You’ll be able to find deeper analysis from others in the days to come.

In analyzing speeches and other presentations, style and substance are important, but I find it more helpful to review the big picture: What are the speech's objectives, and were they met?

1. Understand your objectives for the interview

For Mitt Romney, the speech he concluded moments ago at the Republic National Convention was a job interview. His potential employers are the American people.

Most of us have either hired employees, or been hired, so we know the kinds of questions that need to be answered:

Do you have the right experience for this job?

Do you understand this company and this job?

Do you have the intelligence and energy to do this job?

There are other questions like these, the explicit questions that are asked and discussed.

2. Building trust is the most important objective

Then there are the questions implicit questions that may never be verbalized:

Do I trust this person?

Do I believe what this person is saying?

Can I see this person in this job?

Do I want to see this person everyday?

Will this person fit into our culture?

In my presentation and interview coaching, I say these questions are usually more important than the verbalized questions. These really determine whether we get the job or make the sale.

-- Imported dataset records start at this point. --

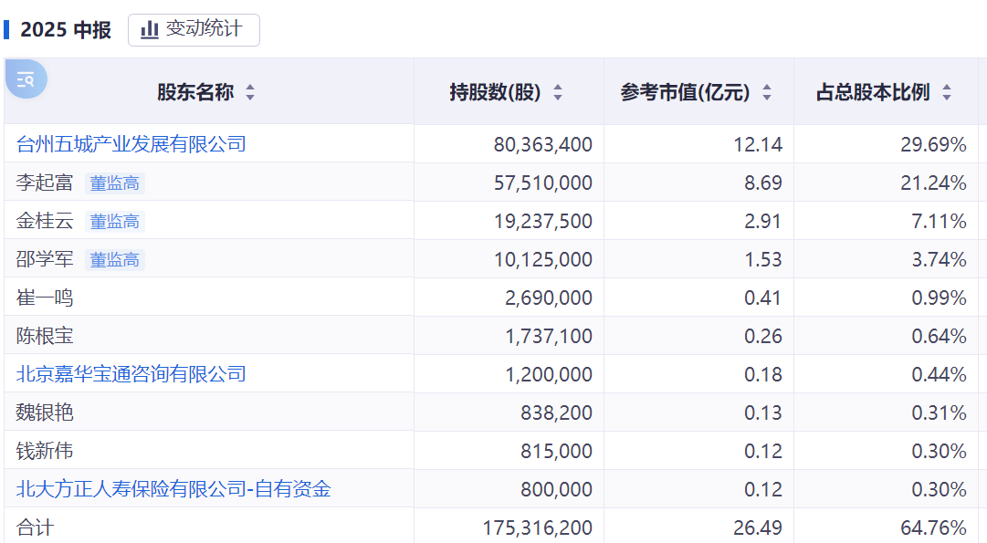2024年12月,公司控股股东台州五城基于对公司未来发展前景的信心及中长期价值的认可,开展了未来12个月内的增持计划。截至2025年6月底,台州五城累计增持1,613,400股股份,目前持有上市公司80,363,400股股份,占总股本的比例为29.69%。
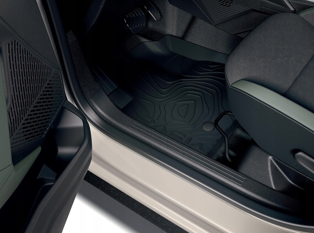 килима Сумісні килими з м'яким гібридним TCE130 (м'який гібрид)- несумісні з версією екстремального обладнання. . Напис " dacia " на водія та пасажирському килимі. Водонепроникний і простий у обслуговуванні.
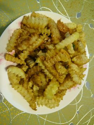 另起锅,加少量油,油热放生抽、盐、醋适量,加三四汤匙水,再加适量白糖,熬至粘稠,下炸好土豆条,快速轻拌,使土豆条均匀粘上汤汁,最后放葱、蒜末,撒孜然出锅,味道棒极了。
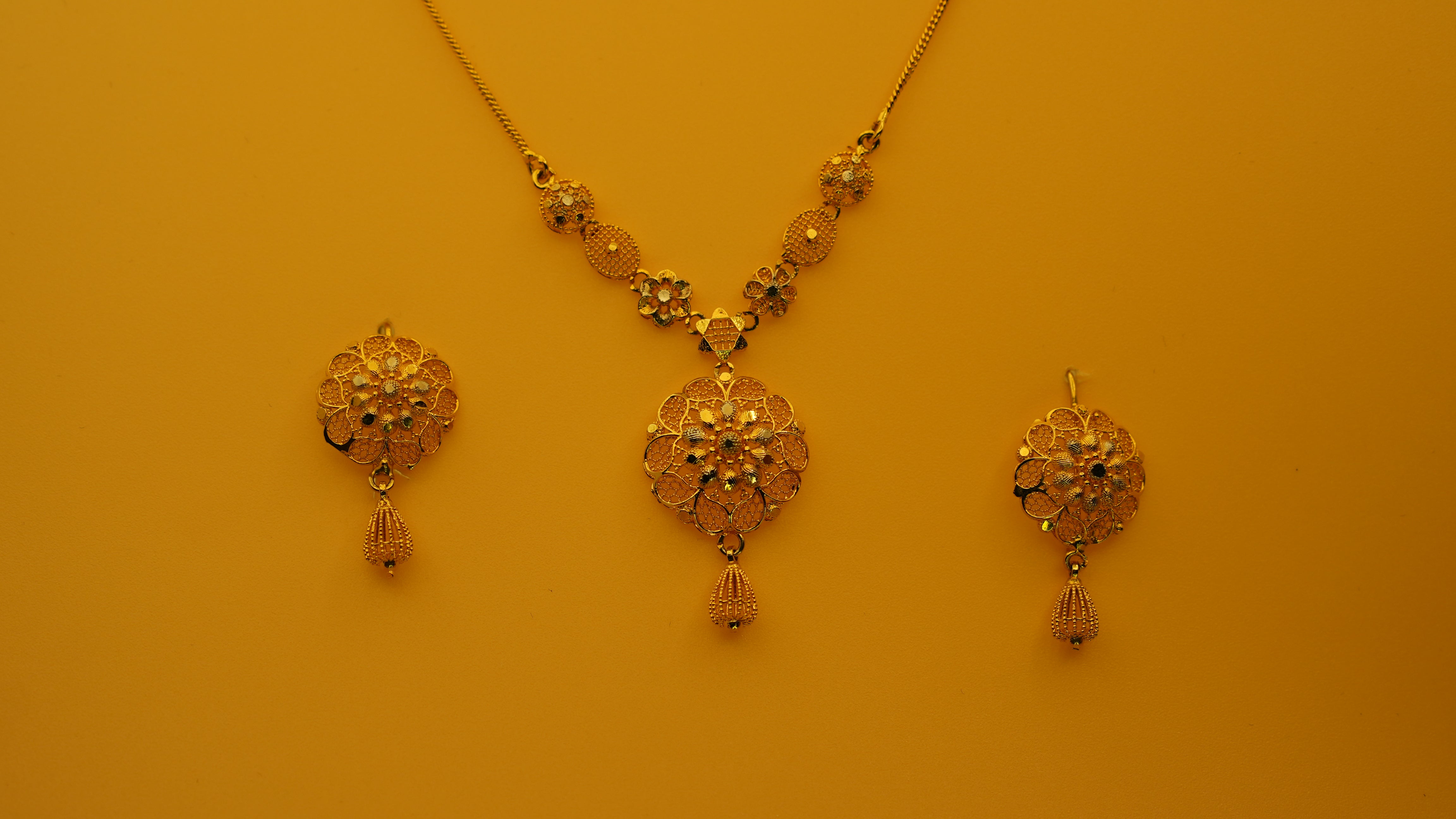 Handcrafted with precision, the Mehar Set blends modern refinement with traditional artistry. Its dual-layer chain and floral centerpiece create a graceful, balanced look.

Romney went through this interview and had to check the boxes on all of these questions and more with the American people.

I won’t analyze all the specifics of his speech, but I will tell you that he did check the boxes.  He positioned himself as qualified, he was likable (a major challenge for him), he was woman friendly, and composed.

3. You must tell your story

Most important, Romney connected with the audience by telling his story, something he has failed to do throughout the campaign.  Romney described himself, his beginnings, his values, and why he is running for President.

It was a workman-like performance that will move his campaign forward. It wasn’t particularly memorable for specific lines, but was well positioned in asking voters whether the most excitement they felt for President Obama was on the day they voted for him in 2008. A memorable passage from Romney's positioning:

I wish President Obama had succeeded because I want America to succeed. But his promises gave way to disappointment and division. This isn't something we have to accept. Now is the moment when we CAN do something. With your help we will do something.

Romney passed the initial job interview and now will be subject to the group interview versus the incumbent. President Obama's speech to the Democrats will be important, but the fall debates will be pivotal.